As one way, when the scene data is the visual data collected by the image collecting device, the visual data may be analyzed to determine whether the target user exists in the scene. For example, whether the target user exists in the scene may be determined by means of face detection, pedestrian recognition, and the like. When the target user is determined to exist in the scene, the relative position information of the target user and the acquisition device can be further acquired through image ranging or depth image data analysis.
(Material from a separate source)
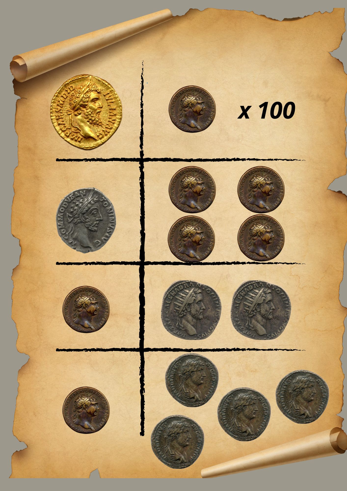 La primera tarea consiste en hallar la equivalencia entre las diferentes monedas romanas.

Alternatively, when the scene data is infrared data collected by an infrared sensor, whether a target user exists in the scene may be determined by analyzing the infrared data. Specifically, the infrared sensor may transmit infrared light, which is reflected when the infrared light encounters an obstacle, and the infrared sensor may acquire the intensity of the reflected infrared light, and the intensity of the infrared light is proportional to the distance between the obstacles. Therefore, whether a target user exists in the scene can be determined by analyzing the infrared data, and when the target user exists in the scene, the relative position information of the target user and the acquisition device is further determined.

As still another way, when the scene data is sound data collected by a sound collection device such as a microphone, the sound data may be analyzed to determine whether a target user exists in the scene. Specifically, whether a target user exists in the current scene or not can be determined through modes such as human voice detection, and if the target user exists, the relative position information of the target user and the acquisition device can be further acquired through modes such as voice distance measurement.
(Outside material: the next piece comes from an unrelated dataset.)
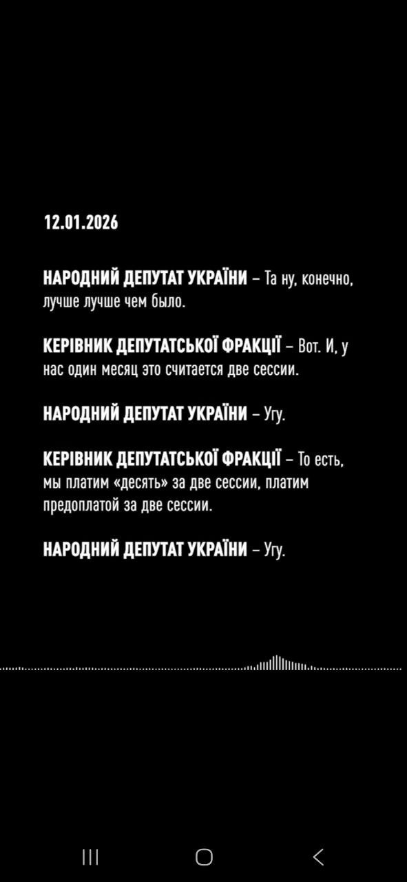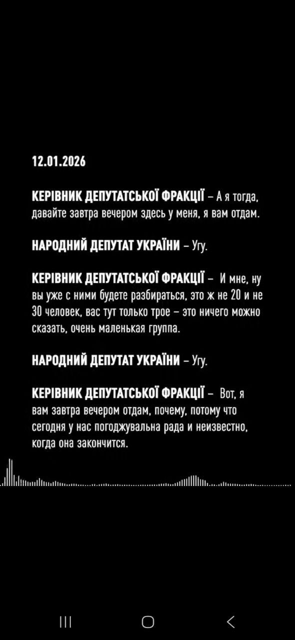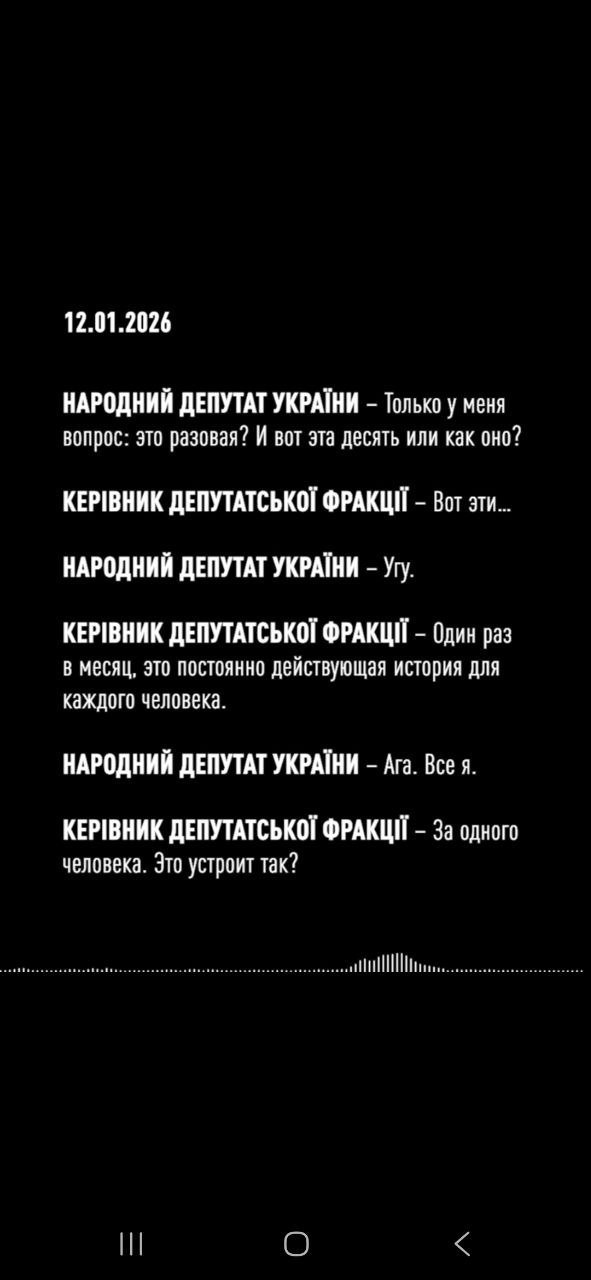 Так, у розмові від 12 січня нардеп уточнював: йдеться про разову виплату чи про системну співпрацю? На що фігурантка скандалу відповіла, що йдеться про “раз у місяць” і то буде “постійно діюча історія” для “кожної людини”.

In some embodiments, when it is determined from the scene data that the target user does not exist within the scene, a simulated digital human image of a preset to-be-awakened state may be displayed on the display screen. As one way, the preset simulated digital human image to be awakened may be a simulated digital human image with the face facing right in front. As another mode, the preset simulated digital human image in the state to be awakened may also be a dynamically steered simulated digital human image sequence, that is, a dynamic simulated digital human video, so as to show the characteristic that the simulated digital human can present different angles to the user. For example, it may be an artificial digital person that dynamically changes from 15 degrees towards the left to 15 degrees towards the right. Optionally, the preset simulated digital human image or simulated digital human image sequence may also be a simulated digital human calling to remind the user of interaction.

Step S130: and if the target user is located in the preset area, acquiring a target simulation digital human image corresponding to the relative position based on the preset simulation digital human model.

The preset area is a preset area for interacting with a target user in the area. The preset area may be an area having a distance from the display screen smaller than a preset value. In some embodiments, the preset region may also be a region which is at a distance less than a preset value from the display screen and at an angle less than a preset angle from the display screen. Specifically, whether the target user exists in the preset area can be judged by comparing the relative position with a preset numerical value.

As a mode, a region in a scene corresponding to the scene data may be used as a preset region, that is, the preset region is a region in which the acquisition device can acquire the scene data, and if it is determined that the target user exists in the scene according to the scene data, it is determined that the target user is located in the preset region. In this way, active interaction can be performed when a target user is detected in an area with low people stream density and fewer users.

As another way, the preset area is a smaller area than the area of the scene data. For example, when the acquisition device is a sensor that can acquire scene data within 10 meters from the display screen, the preset area may be an area less than 5 meters away from the display screen. In this way, when the target user is detected in the area with high people stream density and more users, the interaction intention of the user can be determined according to the distance between the user and the display screen.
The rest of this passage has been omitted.